You shall be unto Me a kingdom of priests, and a holy nation. - Exodus 19:6
The Hebrews have done more to civilize men than any other nation. If I were an atheist, and believed in blind eternal fate, I should still believe that fate have ordained the Jews to be the most essential instrument for civilizing the nations. — John Adams (February 16, 1809)

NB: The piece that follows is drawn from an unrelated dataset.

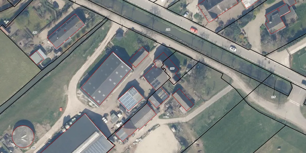 Het perceel waarop het adres ligt is HTN04-K-265. De afkorting 'HTN04' staat voor kadastrale gemeente Houten. Het perceel is met 1,0 ha relatief groot. Het gemiddelde ligt in de kadastrale gemeente Houten op 2872,58 m². De grootste perceeloppervlakte in de kadastrale gemeente is 45,3 ha. De kleinste oppervlakte bedraagt 0 m². Dit is het enige adres dat aanwezig is op het perceel. De laatste wijziging in het de Basisregistratie Kadaster (BRK) was op 06-01-1998.

God incarnated His Law in a whole people - an eternal nation, as the Bible says, unlike other nations. (See Numbers 23:9; Leviticus 20:26; Deuteronomy 12:28.) The people of Israel — the Hebrews, the Jews — were "chosen" (Isaiah 41:8; Psalms 33:12) for a vocation. Sinai's Law isn't meant to guarantee the Jews instant peace and tranquility. Rather, it guarantees the Jews' service. It's designed to free the Jews from the sickness, the inertia, and the barbaric wickedness of paganism. It released the Jews' energies. By living the Law, Moses' people serve God and humanity as "a light unto the nations" (Isaiah 49:6).*
They were created a nation so that other nations could learn from the laws that Moses put into their custody. "'You are My witnesses,' says the Lord, 'and My servant, whom I have chosen.'" — Isaiah 43:10. The Jews challenge others to be more than they are. Through the Torah and their lives, the Jews are meant to reintroduce the human race to the First Covenant - to God's Rainbow Covenant with humanity's legendary common ancestors.
[More to come]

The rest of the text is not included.